第7話 サスペンス
「ドロップアイテムか。とりあえず拾っておこう」
なにげに初戦闘の戦利品だ。ちょっとテンションが上がる。
ちなみに生き物を殺すことにためらいは無い。趣味の狩猟がそういうものだからだ。
俺がこんな山中にいるのもソロハンティングを楽しんでいたからにほかならない。
「そう考えたら装備一式が消えたのは痛かった……」
ライフル銃で狙撃無双する、というのもウェブ小説では定番だ。
まあ狩猟歴の浅い俺が持っていたのはライフルではなくて散弾銃だったけど。それでも銃火器は頼りになると思う。
「とにかく、エンジョイ山田だ。そこからなじみの銃砲店に行こう」
ふたたび目的地に向かって歩き始める。
林を抜け、竹林を回り込み、山を下りて行くと沢に沿った車道に出ることができた。何度も車で通った道だ。
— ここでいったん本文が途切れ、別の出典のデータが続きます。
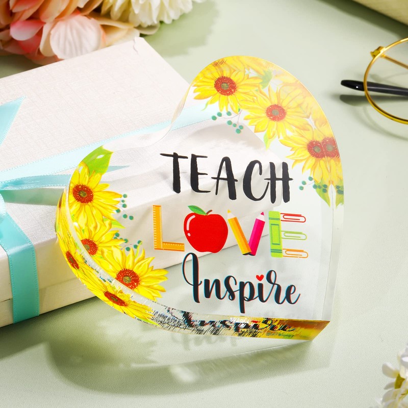 - Exquisite and Meaningful Design: this clear paperweight is designed to be a heart shape, printed with flowers and meaningful words [Teach Love Inspire], which is suitable for you to send on teacher appreciation week, first or last day of school, teacher's birthday, retirement and more occasions

舗装された道路と知っている風景による安心感で足取りはどんどん軽くなる。
ほどなく川の対岸にわたる橋が見えてきた。
――!?
遠足気分はそこまでだった。五ディジィほど先にある、橋の欄干代わりの白いガードレールには見間違えようのない血が、こすれるようについてた。
反射的に道横の藪に飛び込んであたりを警戒する。
「シキ、起きてくれ」
「はい」
「お前、索敵はできるか?」
「できます。リブロス様ができる程度に」
よし、これは心強い。
「じゃあ俺がいいというまで頼む」
「承知いたしました」
これまでの地球ではありえない巨大セミが居た時点で理解しておくべきだった。
ここはダンジョン。狩猟とは次元の違う危険がそこいらに転がっているんだ。
街のダンジョン区域は今頃阿鼻叫喚かも知れない。
「今の所気配はありません」
シキの声を聞きつつ前進を始める。
正直気配が無いからといって安心できないけれど、いつまでもこうしてはいられない。
そしてなにより、あのガードレールについた血のこすれた先が”上”である点だ。
何か、いや、誰かがガードレールにぶつかり、持ち上がり、川に落ちた。
「嫌なものみつけたなぁ」
思い出したくもないけど数年前、狩猟中に死体をみつけた時以来の嫌さだ。
あたりを警戒しながら橋を通り過ぎ、血のりのついたガードレールの真下をのぞき込む。
大きな岩の上でうつ伏せに倒れていたのは、自分と同じく金髪で耳の長いエルフだった。